These are limitations on the judicial power. Pursuant to the authority thus conferred, Congress has established in each of the states of the United States one or more judicial districts (Judicial Code (Act March 3, 1911, c. 231) c. 5, Secs. 69-115, 36 Stat. 1105-1130 (Comp. St. 1916, Secs. 1051-1106)), and has also divided the United States into judicial circuits. The boundaries of these districts and circuits are defined. The Congress has also provided for the appointment of one or more District Judges in each of such judicial districts (chapter 1, Sec. 1, Judicial Code (Comp. St. 1916, Sec. 968)), and for the appointment of Circuit Judges in each of the judicial circuits. Each District Judge must be an actual bona fide resident of the district in and for which appointed. The jurisdiction of each of these District Courts is coextensive with the boundaries of the judicial district in and for which it is established or created, and extends no further, except in those cases where the Congress has expressly extended it.

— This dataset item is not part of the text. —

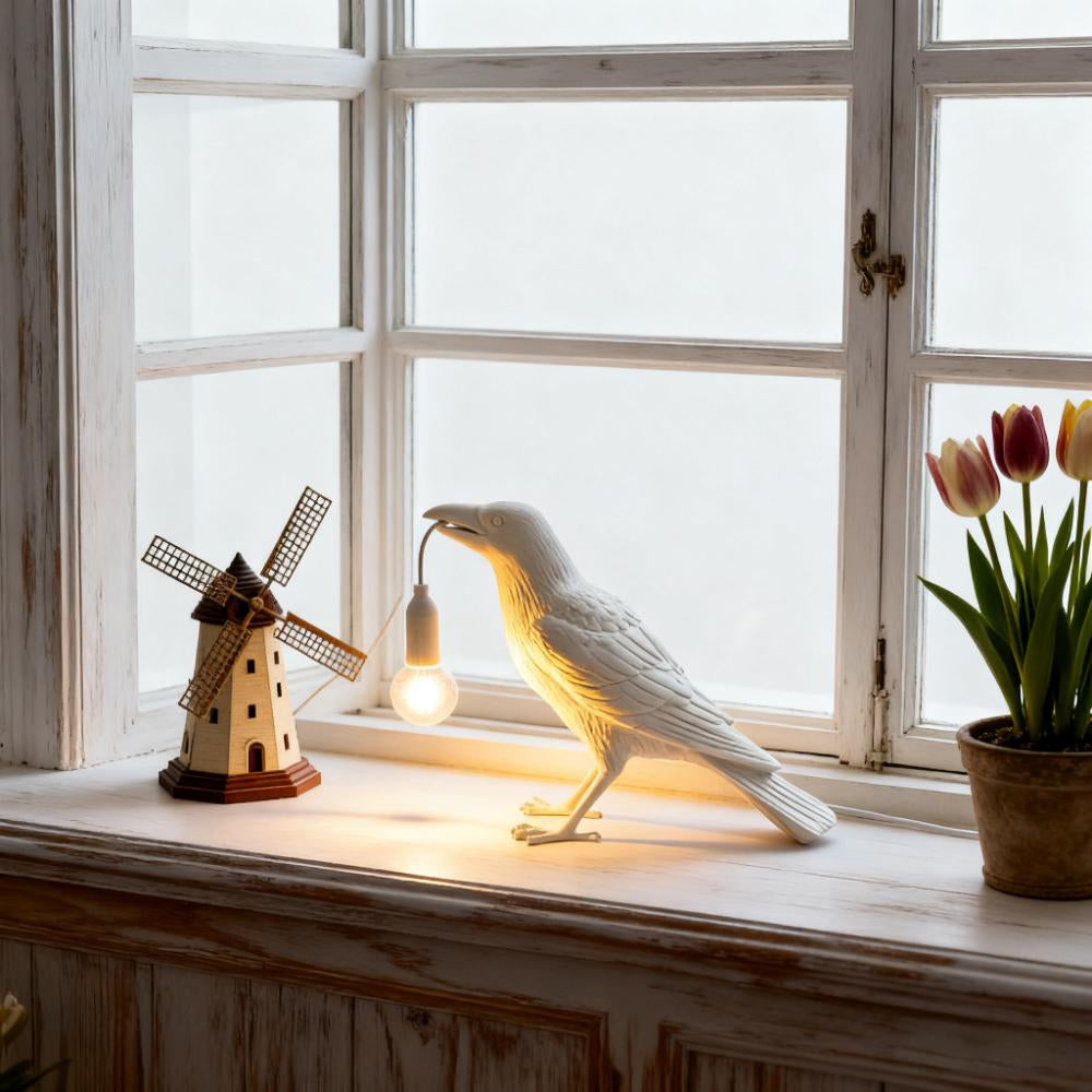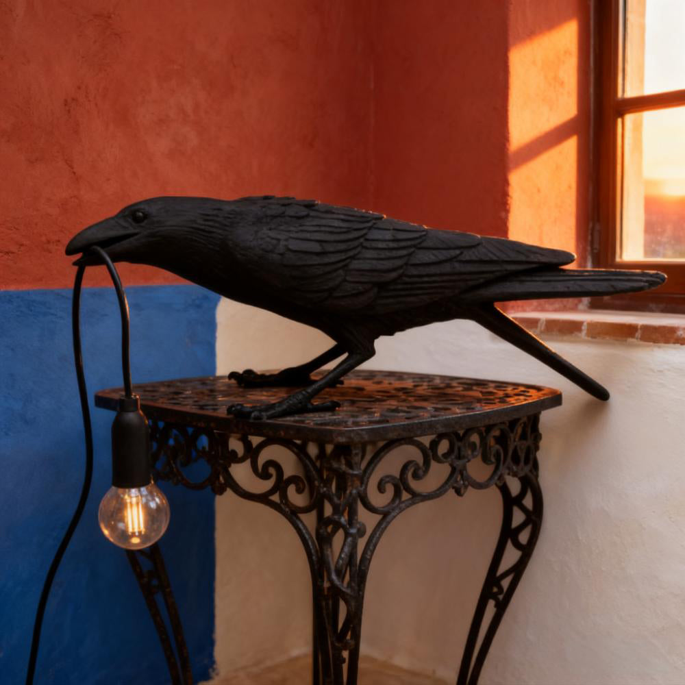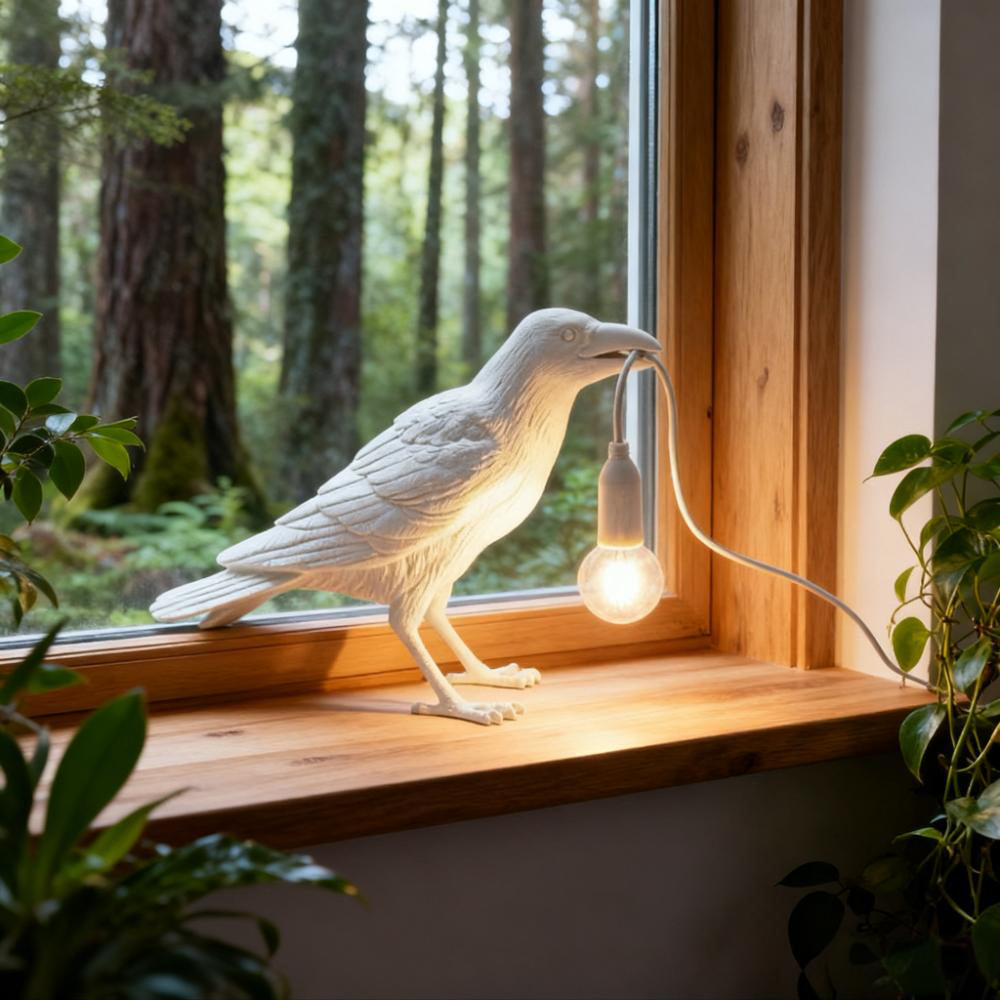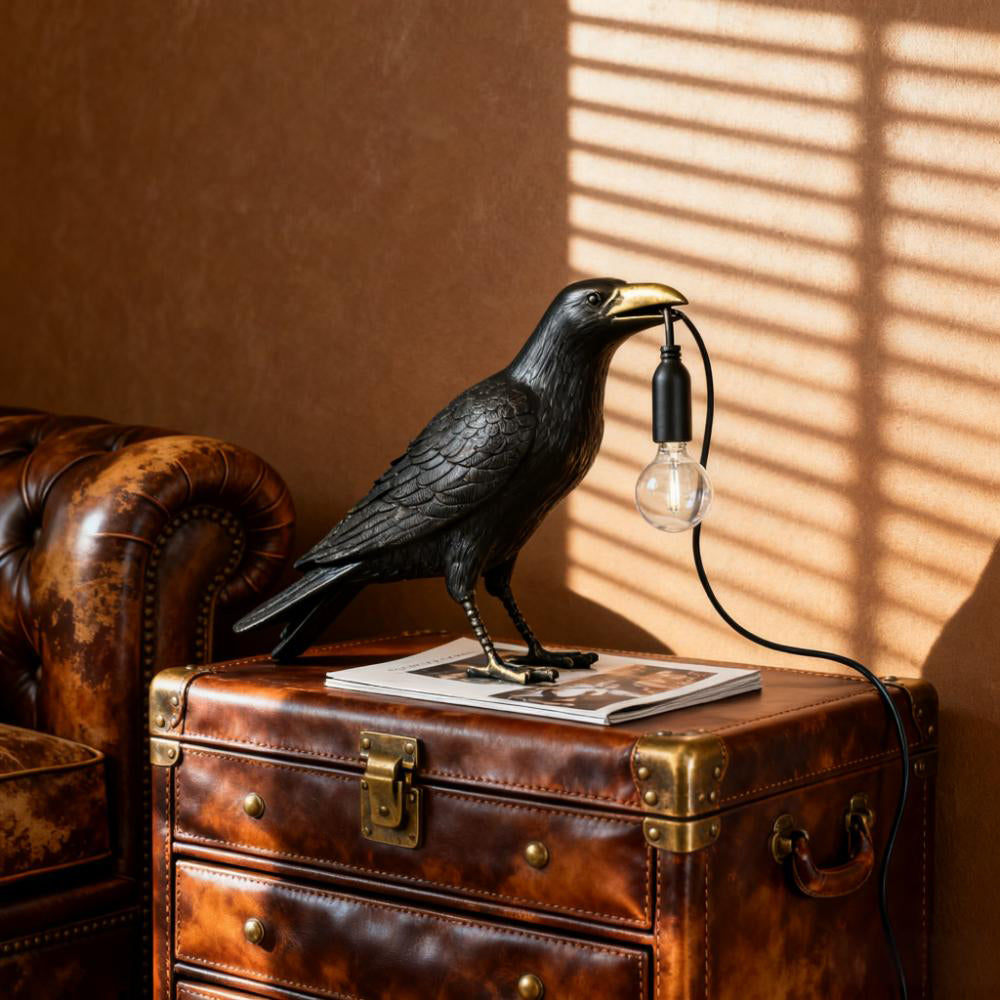 Infuse your home with unique style using the Creative Raven Resin Table Lamp. The resin raven sculpture—adorned with a modern finish—delicately holds an Edison bulb, blending sleek design with artistic charm to become an eye-catching focal point.

The Judicial Code points out these cases.

The District Judges so appointed cannot act as such and exercise their judicial powers and functions outside their respective districts, except in those cases specially provided for by acts of Congress, and these cases are pointed out in the Judicial Code. 'The circuit court (now District Court) of each judicial district sits within and for that district, and its jurisdiction as a general...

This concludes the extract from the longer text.